**ABOUT THIS EXERCISE**
Return exactly the span of lines in the following data that opens with the line containing "Une tulipe unique" and closes with the line containing "70s Geoffrey Beene". Include nothing else.

**SUPPLIED INFORMATION**

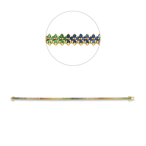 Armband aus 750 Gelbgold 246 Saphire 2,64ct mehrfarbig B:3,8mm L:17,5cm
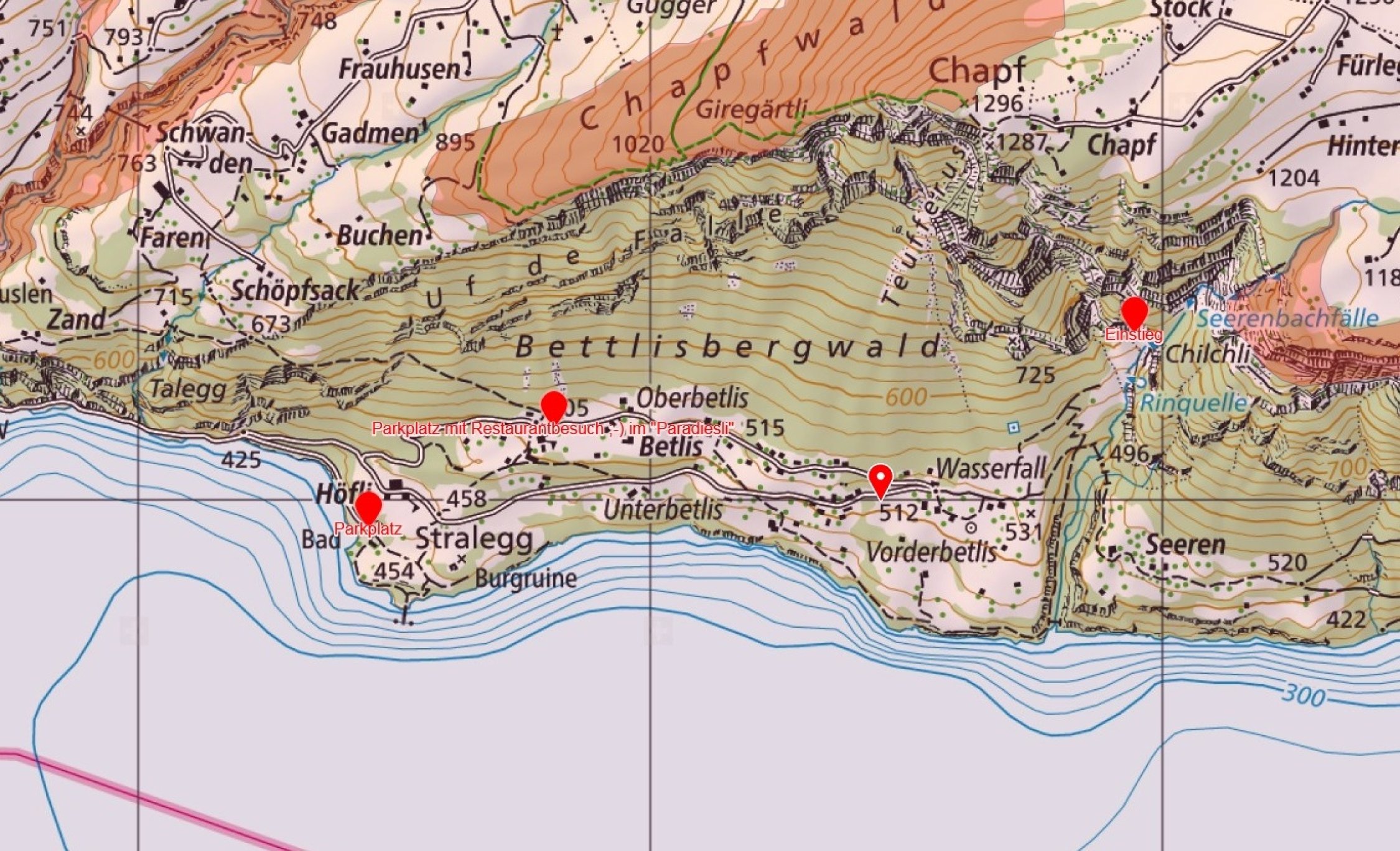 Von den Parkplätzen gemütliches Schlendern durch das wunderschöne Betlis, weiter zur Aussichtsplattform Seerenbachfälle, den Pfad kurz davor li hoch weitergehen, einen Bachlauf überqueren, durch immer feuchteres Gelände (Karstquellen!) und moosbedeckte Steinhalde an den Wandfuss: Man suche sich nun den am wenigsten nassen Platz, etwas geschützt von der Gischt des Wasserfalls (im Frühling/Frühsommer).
* * *
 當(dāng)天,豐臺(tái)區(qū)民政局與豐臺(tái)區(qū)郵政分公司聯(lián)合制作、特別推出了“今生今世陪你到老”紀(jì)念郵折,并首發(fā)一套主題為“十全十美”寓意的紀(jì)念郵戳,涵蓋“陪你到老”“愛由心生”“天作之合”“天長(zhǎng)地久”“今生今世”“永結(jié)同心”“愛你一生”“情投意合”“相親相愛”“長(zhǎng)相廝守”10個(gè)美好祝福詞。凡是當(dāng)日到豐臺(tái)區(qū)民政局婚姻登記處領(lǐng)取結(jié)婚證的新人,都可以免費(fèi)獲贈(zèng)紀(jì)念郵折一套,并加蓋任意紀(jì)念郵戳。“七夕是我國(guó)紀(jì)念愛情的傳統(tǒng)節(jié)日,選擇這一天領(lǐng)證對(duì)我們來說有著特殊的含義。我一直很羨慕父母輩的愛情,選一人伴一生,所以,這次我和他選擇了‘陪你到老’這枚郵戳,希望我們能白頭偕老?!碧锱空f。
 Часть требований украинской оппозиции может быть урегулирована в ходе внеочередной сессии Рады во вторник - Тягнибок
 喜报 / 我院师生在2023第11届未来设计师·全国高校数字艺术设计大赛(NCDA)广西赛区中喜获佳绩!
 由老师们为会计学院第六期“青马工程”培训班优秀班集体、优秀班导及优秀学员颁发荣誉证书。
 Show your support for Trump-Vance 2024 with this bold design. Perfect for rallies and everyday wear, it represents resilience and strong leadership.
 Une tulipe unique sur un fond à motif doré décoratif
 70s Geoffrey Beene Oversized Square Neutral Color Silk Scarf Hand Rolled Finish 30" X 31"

**ANSWER FOR THIS EXERCISE**
 Une tulipe unique sur un fond à motif doré décoratif
 70s Geoffrey Beene Oversized Square Neutral Color Silk Scarf Hand Rolled Finish 30" X 31"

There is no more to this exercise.